Work to complete: An exact transcript of every entry is required, without any of the pictures.

═════ Information shown

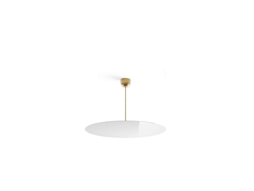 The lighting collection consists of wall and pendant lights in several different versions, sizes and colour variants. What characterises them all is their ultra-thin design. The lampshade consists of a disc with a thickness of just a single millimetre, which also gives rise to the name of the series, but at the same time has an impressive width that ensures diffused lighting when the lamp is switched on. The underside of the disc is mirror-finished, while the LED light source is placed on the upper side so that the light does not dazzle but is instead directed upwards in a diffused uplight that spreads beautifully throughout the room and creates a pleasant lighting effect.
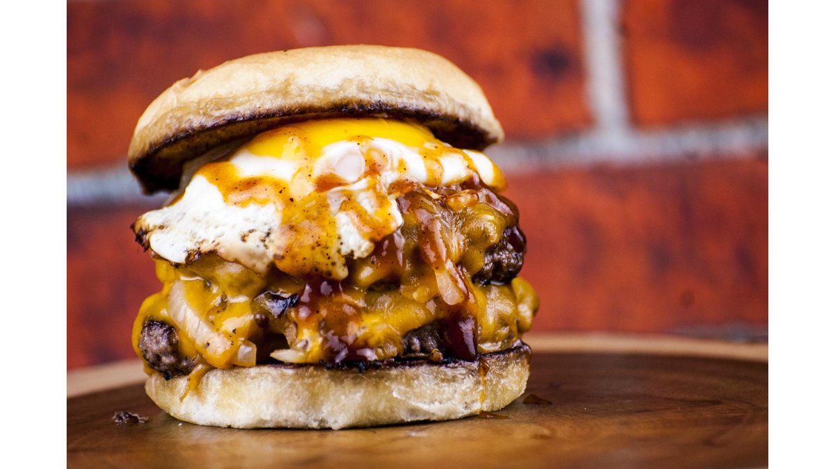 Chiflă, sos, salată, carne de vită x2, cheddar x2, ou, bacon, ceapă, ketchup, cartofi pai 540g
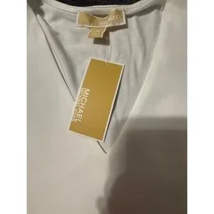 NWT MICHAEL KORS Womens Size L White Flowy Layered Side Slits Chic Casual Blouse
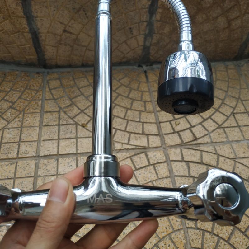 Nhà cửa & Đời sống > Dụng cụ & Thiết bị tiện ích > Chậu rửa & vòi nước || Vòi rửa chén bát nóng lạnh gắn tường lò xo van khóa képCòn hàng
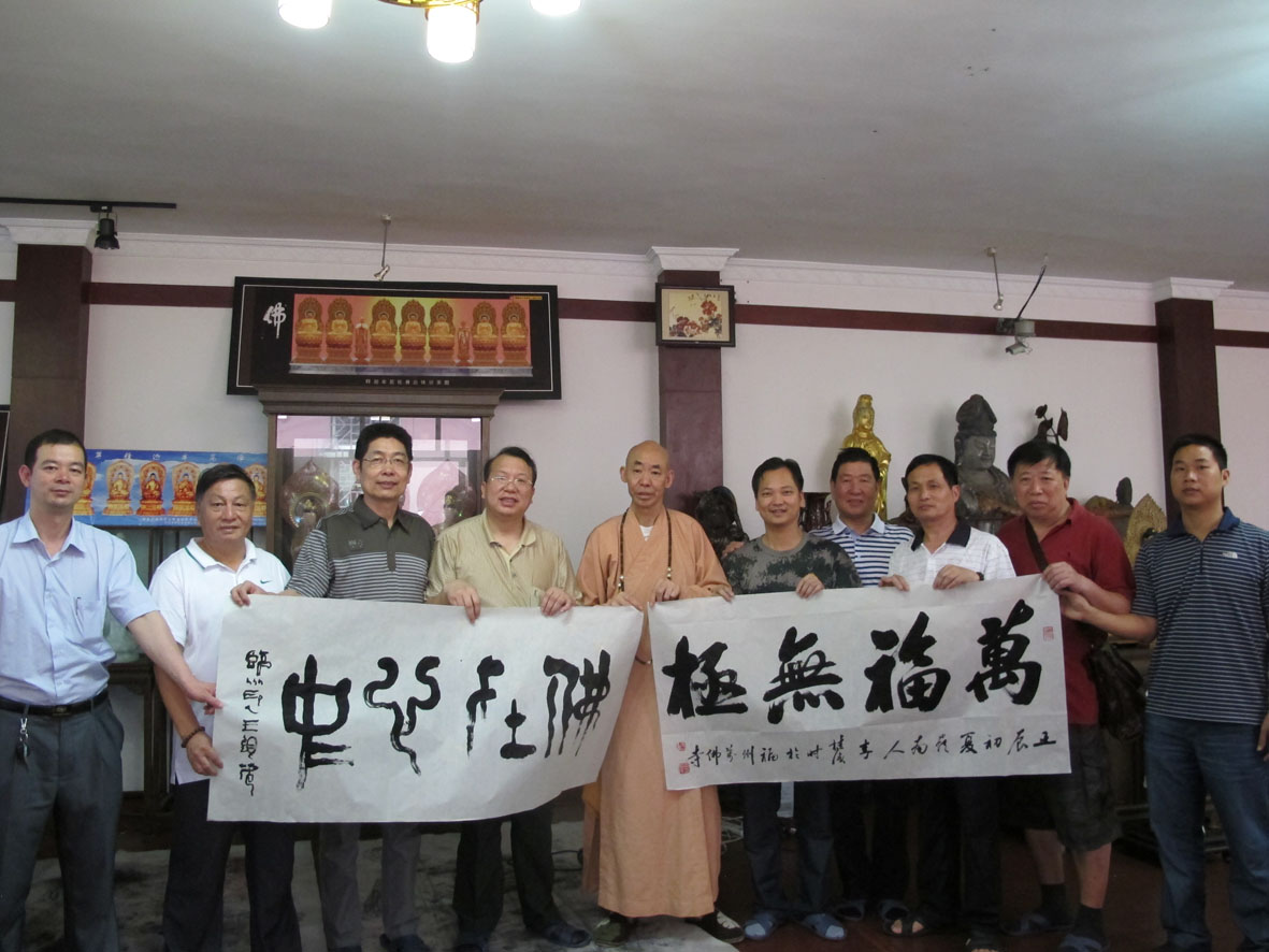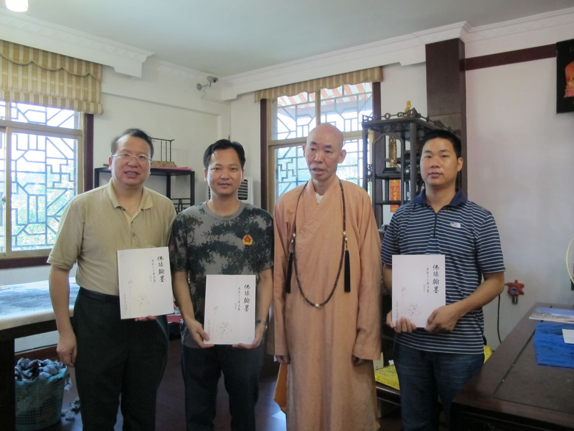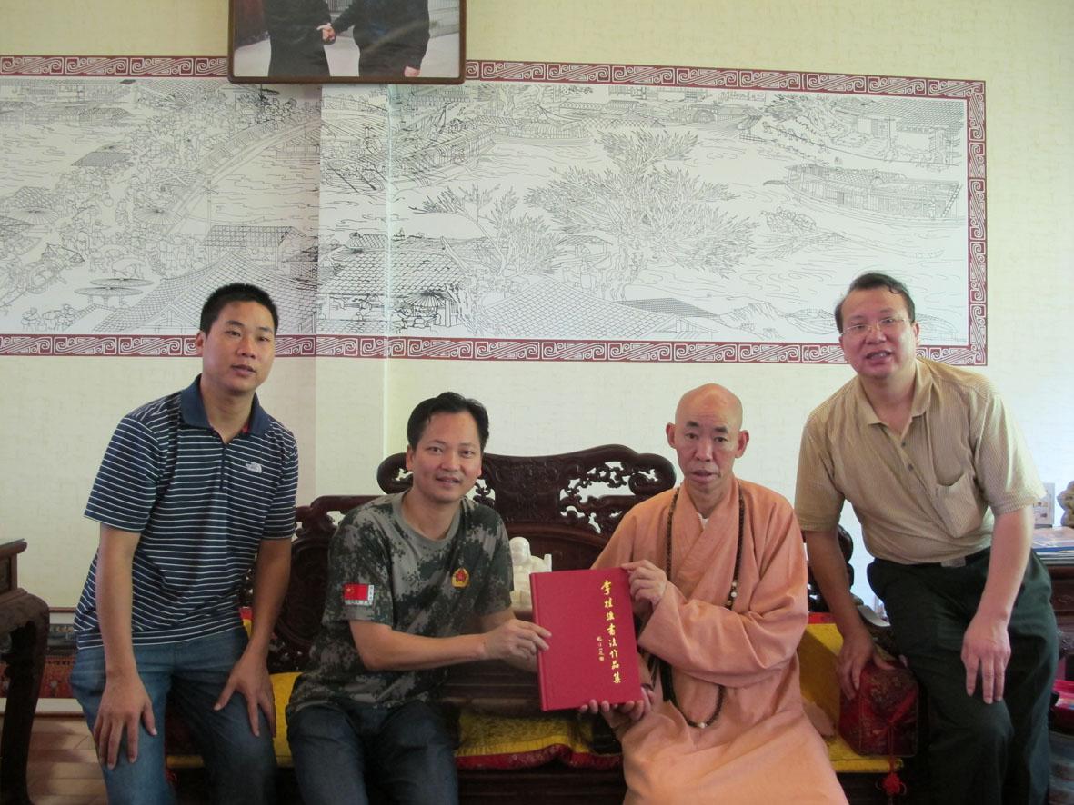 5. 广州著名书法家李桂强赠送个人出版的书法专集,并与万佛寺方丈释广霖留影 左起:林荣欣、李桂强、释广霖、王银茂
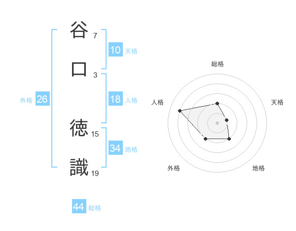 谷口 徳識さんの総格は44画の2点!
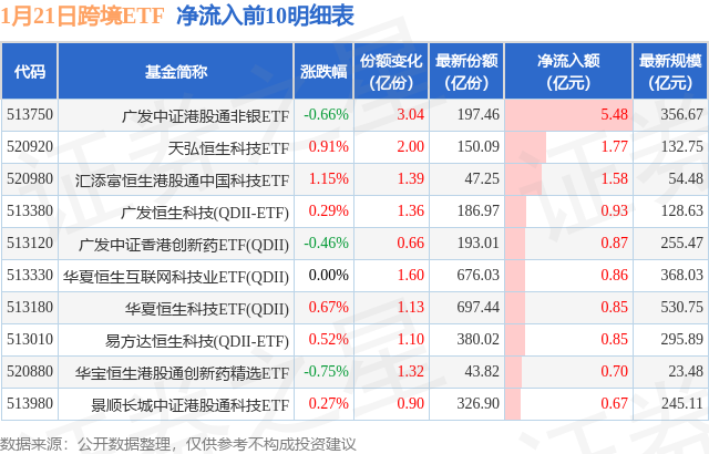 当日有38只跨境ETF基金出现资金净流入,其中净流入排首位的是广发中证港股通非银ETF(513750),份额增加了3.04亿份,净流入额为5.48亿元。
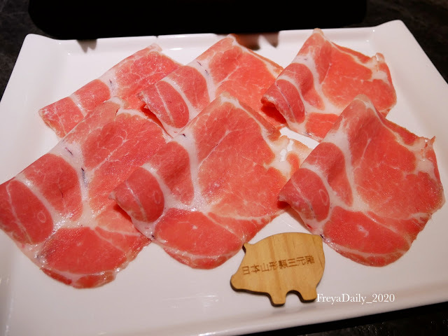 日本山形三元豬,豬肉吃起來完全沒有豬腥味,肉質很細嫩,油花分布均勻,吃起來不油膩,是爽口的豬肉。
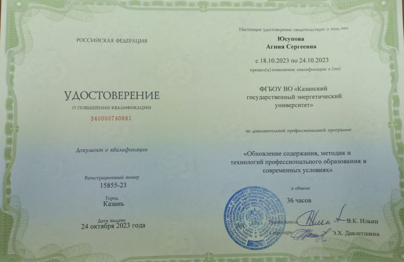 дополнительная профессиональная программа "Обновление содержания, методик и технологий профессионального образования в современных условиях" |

══════════

Solution to this task:
 The lighting collection consists of wall and pendant lights in several different versions, sizes and colour variants. What characterises them all is their ultra-thin design. The lampshade consists of a disc with a thickness of just a single millimetre, which also gives rise to the name of the series, but at the same time has an impressive width that ensures diffused lighting when the lamp is switched on. The underside of the disc is mirror-finished, while the LED light source is placed on the upper side so that the light does not dazzle but is instead directed upwards in a diffused uplight that spreads beautifully throughout the room and creates a pleasant lighting effect.
 Chiflă, sos, salată, carne de vită x2, cheddar x2, ou, bacon, ceapă, ketchup, cartofi pai 540g
 NWT MICHAEL KORS Womens Size L White Flowy Layered Side Slits Chic Casual Blouse
 Nhà cửa & Đời sống > Dụng cụ & Thiết bị tiện ích > Chậu rửa & vòi nước || Vòi rửa chén bát nóng lạnh gắn tường lò xo van khóa képCòn hàng
 5. 广州著名书法家李桂强赠送个人出版的书法专集,并与万佛寺方丈释广霖留影 左起:林荣欣、李桂强、释广霖、王银茂
 谷口 徳識さんの総格は44画の2点!
 当日有38只跨境ETF基金出现资金净流入,其中净流入排首位的是广发中证港股通非银ETF(513750),份额增加了3.04亿份,净流入额为5.48亿元。
 日本山形三元豬,豬肉吃起來完全沒有豬腥味,肉質很細嫩,油花分布均勻,吃起來不油膩,是爽口的豬肉。
 дополнительная профессиональная программа "Обновление содержания, методик и технологий профессионального образования в современных условиях" |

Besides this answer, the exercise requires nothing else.